What the task asks: In the records that follow, find the line with "Obscure Sound Reviews"; from there, retype every line exactly through the line with "Handmade ceramic jug", which also belongs to the answer.

Data provided:
****

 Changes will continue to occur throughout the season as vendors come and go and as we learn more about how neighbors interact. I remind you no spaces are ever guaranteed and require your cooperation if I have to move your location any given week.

****

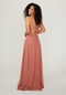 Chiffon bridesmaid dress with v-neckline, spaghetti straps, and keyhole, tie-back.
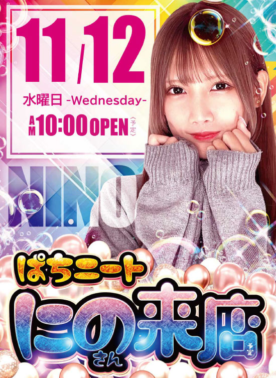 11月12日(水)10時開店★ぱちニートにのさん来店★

****

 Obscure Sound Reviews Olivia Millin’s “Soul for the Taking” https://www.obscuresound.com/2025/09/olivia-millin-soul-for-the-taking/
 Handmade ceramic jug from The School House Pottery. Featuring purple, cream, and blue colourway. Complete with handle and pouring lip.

****

Result of the exercise:
 Obscure Sound Reviews Olivia Millin’s “Soul for the Taking” https://www.obscuresound.com/2025/09/olivia-millin-soul-for-the-taking/
 Handmade ceramic jug from The School House Pottery. Featuring purple, cream, and blue colourway. Complete with handle and pouring lip.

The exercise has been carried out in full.